## EXCERPTED RECORDS
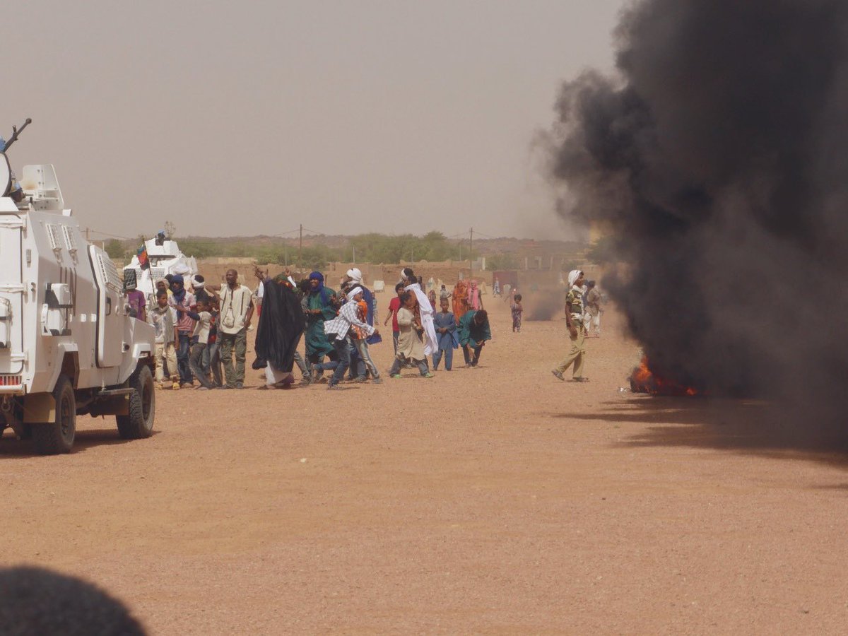 انتهى اليوم بسيطرة الشعب على الساحة وإطلاق جيش ومليشيات مالي من خلف قوات الامم المتحدة النار الحي ضد المحتجين وهو ما جعل تلك الليلة تعيش #كيدال على الزناد رغبة في الانتقام
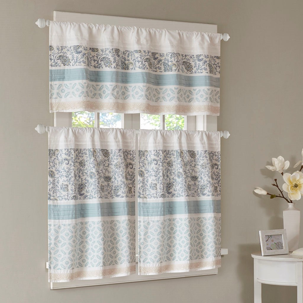 Dawn Printed and Pieced Rod Pocket Kitchen Tier Set - Blue - 30x36"
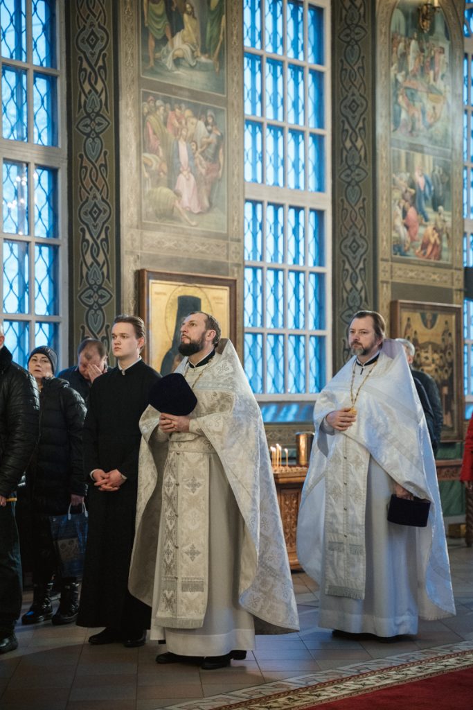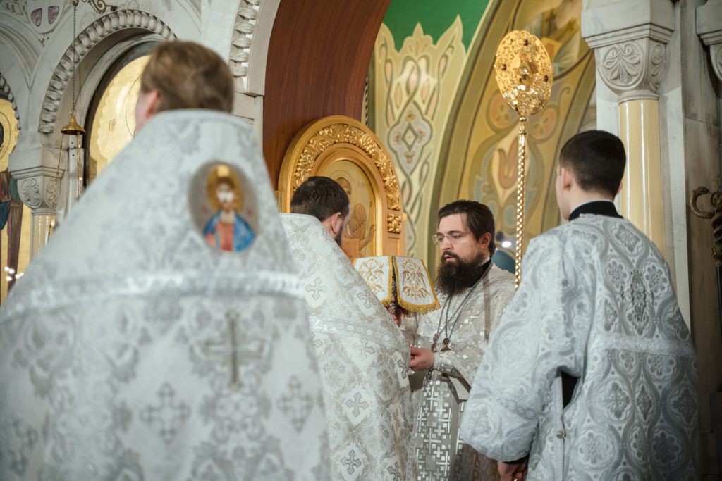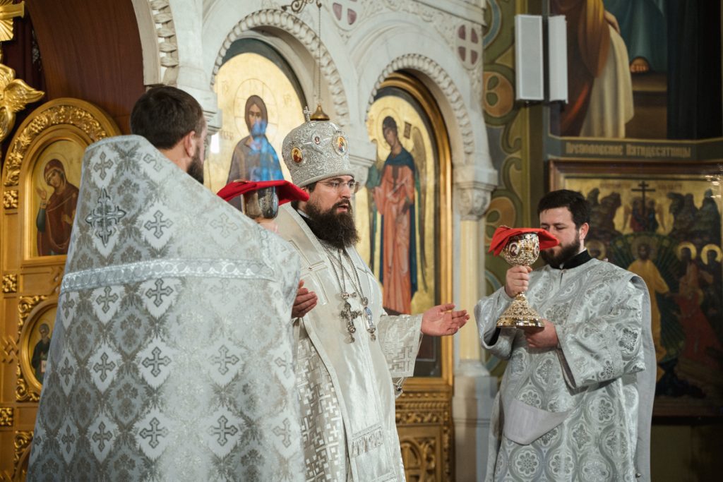 Его Преосвященству сослужили настоятель Преполовенского храма, проректор по воспитательной работе Донской духовной семинарии иерей Андрей Миронов и клирики храма.
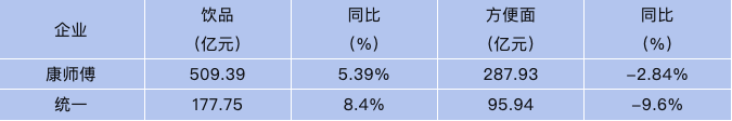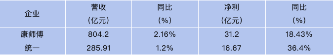 “瑜亮”爭(zhēng)鋒,康統(tǒng)爭(zhēng)霸! 自1992年進(jìn)入中國(guó)大陸市場(chǎng)以來(lái),兩家臺(tái)資食品企業(yè)統(tǒng)一和康師傅,便在大陸市場(chǎng)展開(kāi)了多年的市場(chǎng)爭(zhēng)奪戰(zhàn)。日前,這對(duì)“食業(yè)雙雄”先后發(fā)布2023年成績(jī)單,并釋放出不同的亮點(diǎn)。通過(guò)整理發(fā)現(xiàn),康統(tǒng)在2023年的表現(xiàn)有這些亮點(diǎn)區(qū)別。 01 看成績(jī) 康師傅:首破800億,連續(xù)七年增長(zhǎng) 統(tǒng)一:營(yíng)收286億,再創(chuàng)新高 從去年業(yè)績(jī)情況來(lái)看,二者均取得營(yíng)收凈利雙增。 康師傅2023年?duì)I收804.2億元,同比增2.16%;凈利31.2億元,同比增長(zhǎng)18.43%。據(jù)悉,這是康師傅交出的第七年連續(xù)增長(zhǎng)的成績(jī)單。 統(tǒng)一2023年表現(xiàn)同樣不俗,營(yíng)收285.913億元,同比增1.2%,再創(chuàng)新高;凈利潤(rùn)16.671億元,同比增36.4%。 對(duì)此,統(tǒng)一在財(cái)報(bào)中提到,本集團(tuán)在疫情期間展出無(wú)比韌性,靠著經(jīng)驗(yàn)豐富的經(jīng)營(yíng)團(tuán)隊(duì)、穩(wěn)健的獲利模式與風(fēng)險(xiǎn)控管機(jī)制,不斷優(yōu)化組織營(yíng)運(yùn)結(jié)構(gòu),妥善因應(yīng)市場(chǎng)變動(dòng)所帶來(lái)的系統(tǒng)性風(fēng)險(xiǎn);自2020年疫情爆發(fā)以來(lái),統(tǒng)一集團(tuán)收益年復(fù)合增長(zhǎng)率達(dá)7.9%,其中飲品年收益復(fù)合增長(zhǎng)率更是達(dá)12.3%。 02 看品類 同命相連——面品同降、飲品雙雙大增 如今,康統(tǒng)雙雄在在品類上形成全方位對(duì)壘,兩者的競(jìng)爭(zhēng)充滿著殘酷。從去年財(cái)報(bào)來(lái)看,康統(tǒng)“同命相連”——面品同降、飲品則雙雙迎來(lái)大增。下面具體來(lái)看: 飲品板塊: 財(cái)報(bào)顯示,去年統(tǒng)一飲品板塊營(yíng)收177.755億元,同比增長(zhǎng)8.4%。其中,統(tǒng)一茶飲料營(yíng)收75.795億元,同比增長(zhǎng)9%;果汁營(yíng)收34.042億元,同比增長(zhǎng)13.3%,創(chuàng)7年歷史新高;奶茶品類營(yíng)收63.052億元,同比增長(zhǎng)5.0%。 再看康師傅,2023年各細(xì)分板塊同樣全部飄紅,實(shí)現(xiàn)營(yíng)收凈利雙雙正增長(zhǎng)。財(cái)報(bào)顯示,康師傅飲品事業(yè)整體收益為509.39億元,同比增長(zhǎng)5.39%,占集團(tuán)總收益63.34%。茶飲料產(chǎn)品收益200.59億元,同比增長(zhǎng)6.96%;水產(chǎn)品收益53.75億元,同比增長(zhǎng)9.78%;果汁產(chǎn)品收益71.5億元,同比增長(zhǎng)4.47%;碳酸及其他產(chǎn)品合計(jì)收益183.55億元。 值得注意的是,過(guò)去茶飲料曾經(jīng)是康統(tǒng)的天下,這兩年在農(nóng)夫山泉旗下茶π和東方樹(shù)葉的先后爆發(fā)下,現(xiàn)在這一格局已被徹底改寫(xiě)。2023年,康師傅茶飲料收入200.59億元,統(tǒng)一中控茶飲料收入75.8億元,農(nóng)夫山泉茶飲料實(shí)現(xiàn)收入126.59億元,同比大增83.3%,已經(jīng)穩(wěn)居第二位置。 方便面板塊: 飲品板塊康統(tǒng)雙雙增長(zhǎng),但方便面業(yè)務(wù)卻均出現(xiàn)不同幅度的下滑。 統(tǒng)一食品業(yè)務(wù)2023年?duì)I收98.468億元,較2022年下滑約10%。其中,方便面營(yíng)收95.943億元,2022年同期為106.196億元,同比下滑約9.6%。以此數(shù)據(jù)測(cè)算,其它食品(含自熱食品、冷鮮面、休閑食品等)營(yíng)收約2.5億元,開(kāi)小灶發(fā)展前景仍值得期待。 康師傅2023年方便面板塊營(yíng)業(yè)額為287.93億元,同比下降2.84%,集團(tuán)總營(yíng)業(yè)額占比由2022年的37.65%下滑1.85%至35.80%。不過(guò)財(cái)報(bào)中指出,盡管營(yíng)收下降,但由于原材料價(jià)格下降及售價(jià)有利,康師傅方便面毛利率同比提高3.05%至27.00%。由于毛利率同比提高帶動(dòng),方便面事業(yè)2023年全年的公司股東應(yīng)占溢利同比提高46.10%至20.08億元。 03 看產(chǎn)品 統(tǒng)一:阿薩姆破60億,茄皇表現(xiàn)出眾 康師傅:無(wú)糖茶產(chǎn)品全面煥新 統(tǒng)一在財(cái)報(bào)中對(duì)茄皇、開(kāi)小灶、統(tǒng)一綠茶、海之言、阿薩姆奶茶等明星產(chǎn)品進(jìn)行重點(diǎn)表?yè)P(yáng): 「茄皇」持續(xù)獲得市場(chǎng)青睞,近三年的收益年復(fù)合增長(zhǎng)率呈翻倍成長(zhǎng); 「開(kāi)小灶」持續(xù)發(fā)揚(yáng)中華美食文化,推出「私房菜」系列新品,積極拓展產(chǎn)品矩陣; 「統(tǒng)一綠茶」堅(jiān)持創(chuàng)新和優(yōu)化產(chǎn)品力,積累品牌資產(chǎn),打造國(guó)民健康好茶品牌; 「海之言」抓住后疫情時(shí)代新的消費(fèi)機(jī)遇,收益同比呈高雙位數(shù)增長(zhǎng),2023年收益增長(zhǎng)率及過(guò)去三年收益年復(fù)合增長(zhǎng)率均呈高雙位數(shù)成長(zhǎng); 「統(tǒng)一阿薩姆奶茶」進(jìn)一步拓展飲用場(chǎng)景,穩(wěn)居行業(yè)領(lǐng)導(dǎo)地位。從數(shù)據(jù)來(lái)看,奶茶板塊全年?duì)I收63.052億元,同比增長(zhǎng)5.0%。其中「阿薩姆奶茶」單品營(yíng)收破60億元,持續(xù)位居市場(chǎng)頭部地位。 相對(duì)于統(tǒng)一,康師傅此次亮點(diǎn)的產(chǎn)品頗具差異化: 康師傅“無(wú)糖冰紅茶”口味和包裝都迎來(lái)了全面升級(jí),以進(jìn)一步契合健康消費(fèi)趨勢(shì)。 康師傅“綠茶”也對(duì)包裝和品牌形象進(jìn)行煥新,并攜手新代言人吳磊發(fā)布新品“無(wú)糖茉莉綠茶”,強(qiáng)化
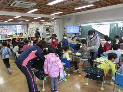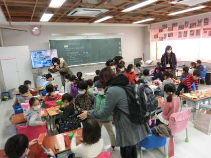 1年生と園児の皆さんとで、説明文の挿絵の順番を考えたり、
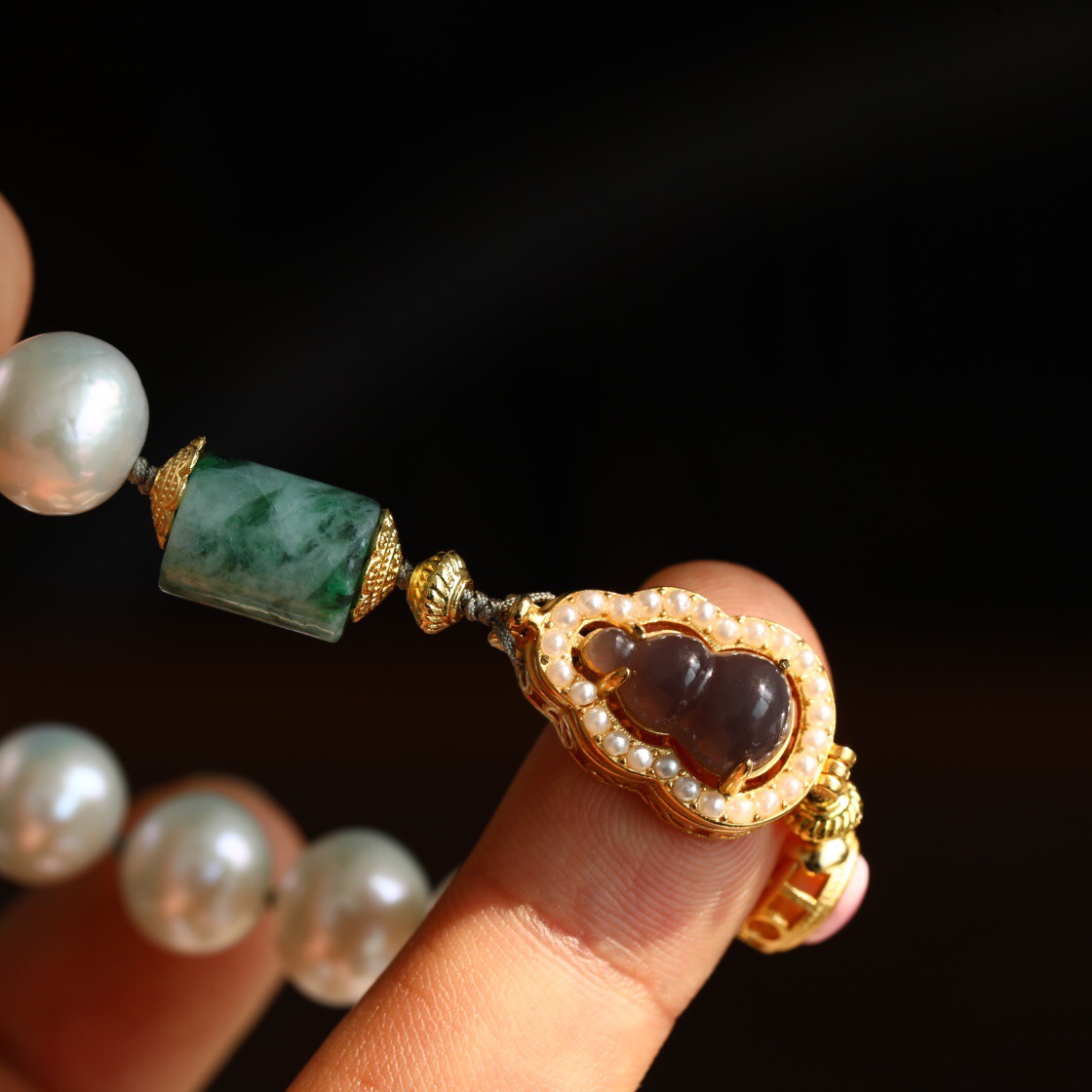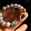 珠光宝气天然淡水珍珠手链搭配天然翡翠A货桶珠和田玉配饰胭脂螺

## THE PROBLEM
Restate, word for word, all of the material above, leaving out the images.

## ANSWER BELOW
 انتهى اليوم بسيطرة الشعب على الساحة وإطلاق جيش ومليشيات مالي من خلف قوات الامم المتحدة النار الحي ضد المحتجين وهو ما جعل تلك الليلة تعيش #كيدال على الزناد رغبة في الانتقام
 Dawn Printed and Pieced Rod Pocket Kitchen Tier Set - Blue - 30x36"
 Его Преосвященству сослужили настоятель Преполовенского храма, проректор по воспитательной работе Донской духовной семинарии иерей Андрей Миронов и клирики храма.
 “瑜亮”爭(zhēng)鋒,康統(tǒng)爭(zhēng)霸! 自1992年進(jìn)入中國(guó)大陸市場(chǎng)以來(lái),兩家臺(tái)資食品企業(yè)統(tǒng)一和康師傅,便在大陸市場(chǎng)展開(kāi)了多年的市場(chǎng)爭(zhēng)奪戰(zhàn)。日前,這對(duì)“食業(yè)雙雄”先后發(fā)布2023年成績(jī)單,并釋放出不同的亮點(diǎn)。通過(guò)整理發(fā)現(xiàn),康統(tǒng)在2023年的表現(xiàn)有這些亮點(diǎn)區(qū)別。 01 看成績(jī) 康師傅:首破800億,連續(xù)七年增長(zhǎng) 統(tǒng)一:營(yíng)收286億,再創(chuàng)新高 從去年業(yè)績(jī)情況來(lái)看,二者均取得營(yíng)收凈利雙增。 康師傅2023年?duì)I收804.2億元,同比增2.16%;凈利31.2億元,同比增長(zhǎng)18.43%。據(jù)悉,這是康師傅交出的第七年連續(xù)增長(zhǎng)的成績(jī)單。 統(tǒng)一2023年表現(xiàn)同樣不俗,營(yíng)收285.913億元,同比增1.2%,再創(chuàng)新高;凈利潤(rùn)16.671億元,同比增36.4%。 對(duì)此,統(tǒng)一在財(cái)報(bào)中提到,本集團(tuán)在疫情期間展出無(wú)比韌性,靠著經(jīng)驗(yàn)豐富的經(jīng)營(yíng)團(tuán)隊(duì)、穩(wěn)健的獲利模式與風(fēng)險(xiǎn)控管機(jī)制,不斷優(yōu)化組織營(yíng)運(yùn)結(jié)構(gòu),妥善因應(yīng)市場(chǎng)變動(dòng)所帶來(lái)的系統(tǒng)性風(fēng)險(xiǎn);自2020年疫情爆發(fā)以來(lái),統(tǒng)一集團(tuán)收益年復(fù)合增長(zhǎng)率達(dá)7.9%,其中飲品年收益復(fù)合增長(zhǎng)率更是達(dá)12.3%。 02 看品類 同命相連——面品同降、飲品雙雙大增 如今,康統(tǒng)雙雄在在品類上形成全方位對(duì)壘,兩者的競(jìng)爭(zhēng)充滿著殘酷。從去年財(cái)報(bào)來(lái)看,康統(tǒng)“同命相連”——面品同降、飲品則雙雙迎來(lái)大增。下面具體來(lái)看: 飲品板塊: 財(cái)報(bào)顯示,去年統(tǒng)一飲品板塊營(yíng)收177.755億元,同比增長(zhǎng)8.4%。其中,統(tǒng)一茶飲料營(yíng)收75.795億元,同比增長(zhǎng)9%;果汁營(yíng)收34.042億元,同比增長(zhǎng)13.3%,創(chuàng)7年歷史新高;奶茶品類營(yíng)收63.052億元,同比增長(zhǎng)5.0%。 再看康師傅,2023年各細(xì)分板塊同樣全部飄紅,實(shí)現(xiàn)營(yíng)收凈利雙雙正增長(zhǎng)。財(cái)報(bào)顯示,康師傅飲品事業(yè)整體收益為509.39億元,同比增長(zhǎng)5.39%,占集團(tuán)總收益63.34%。茶飲料產(chǎn)品收益200.59億元,同比增長(zhǎng)6.96%;水產(chǎn)品收益53.75億元,同比增長(zhǎng)9.78%;果汁產(chǎn)品收益71.5億元,同比增長(zhǎng)4.47%;碳酸及其他產(chǎn)品合計(jì)收益183.55億元。 值得注意的是,過(guò)去茶飲料曾經(jīng)是康統(tǒng)的天下,這兩年在農(nóng)夫山泉旗下茶π和東方樹(shù)葉的先后爆發(fā)下,現(xiàn)在這一格局已被徹底改寫(xiě)。2023年,康師傅茶飲料收入200.59億元,統(tǒng)一中控茶飲料收入75.8億元,農(nóng)夫山泉茶飲料實(shí)現(xiàn)收入126.59億元,同比大增83.3%,已經(jīng)穩(wěn)居第二位置。 方便面板塊: 飲品板塊康統(tǒng)雙雙增長(zhǎng),但方便面業(yè)務(wù)卻均出現(xiàn)不同幅度的下滑。 統(tǒng)一食品業(yè)務(wù)2023年?duì)I收98.468億元,較2022年下滑約10%。其中,方便面營(yíng)收95.943億元,2022年同期為106.196億元,同比下滑約9.6%。以此數(shù)據(jù)測(cè)算,其它食品(含自熱食品、冷鮮面、休閑食品等)營(yíng)收約2.5億元,開(kāi)小灶發(fā)展前景仍值得期待。 康師傅2023年方便面板塊營(yíng)業(yè)額為287.93億元,同比下降2.84%,集團(tuán)總營(yíng)業(yè)額占比由2022年的37.65%下滑1.85%至35.80%。不過(guò)財(cái)報(bào)中指出,盡管營(yíng)收下降,但由于原材料價(jià)格下降及售價(jià)有利,康師傅方便面毛利率同比提高3.05%至27.00%。由于毛利率同比提高帶動(dòng),方便面事業(yè)2023年全年的公司股東應(yīng)占溢利同比提高46.10%至20.08億元。 03 看產(chǎn)品 統(tǒng)一:阿薩姆破60億,茄皇表現(xiàn)出眾 康師傅:無(wú)糖茶產(chǎn)品全面煥新 統(tǒng)一在財(cái)報(bào)中對(duì)茄皇、開(kāi)小灶、統(tǒng)一綠茶、海之言、阿薩姆奶茶等明星產(chǎn)品進(jìn)行重點(diǎn)表?yè)P(yáng): 「茄皇」持續(xù)獲得市場(chǎng)青睞,近三年的收益年復(fù)合增長(zhǎng)率呈翻倍成長(zhǎng); 「開(kāi)小灶」持續(xù)發(fā)揚(yáng)中華美食文化,推出「私房菜」系列新品,積極拓展產(chǎn)品矩陣; 「統(tǒng)一綠茶」堅(jiān)持創(chuàng)新和優(yōu)化產(chǎn)品力,積累品牌資產(chǎn),打造國(guó)民健康好茶品牌; 「海之言」抓住后疫情時(shí)代新的消費(fèi)機(jī)遇,收益同比呈高雙位數(shù)增長(zhǎng),2023年收益增長(zhǎng)率及過(guò)去三年收益年復(fù)合增長(zhǎng)率均呈高雙位數(shù)成長(zhǎng); 「統(tǒng)一阿薩姆奶茶」進(jìn)一步拓展飲用場(chǎng)景,穩(wěn)居行業(yè)領(lǐng)導(dǎo)地位。從數(shù)據(jù)來(lái)看,奶茶板塊全年?duì)I收63.052億元,同比增長(zhǎng)5.0%。其中「阿薩姆奶茶」單品營(yíng)收破60億元,持續(xù)位居市場(chǎng)頭部地位。 相對(duì)于統(tǒng)一,康師傅此次亮點(diǎn)的產(chǎn)品頗具差異化: 康師傅“無(wú)糖冰紅茶”口味和包裝都迎來(lái)了全面升級(jí),以進(jìn)一步契合健康消費(fèi)趨勢(shì)。 康師傅“綠茶”也對(duì)包裝和品牌形象進(jìn)行煥新,并攜手新代言人吳磊發(fā)布新品“無(wú)糖茉莉綠茶”,強(qiáng)化
 1年生と園児の皆さんとで、説明文の挿絵の順番を考えたり、
 珠光宝气天然淡水珍珠手链搭配天然翡翠A货桶珠和田玉配饰胭脂螺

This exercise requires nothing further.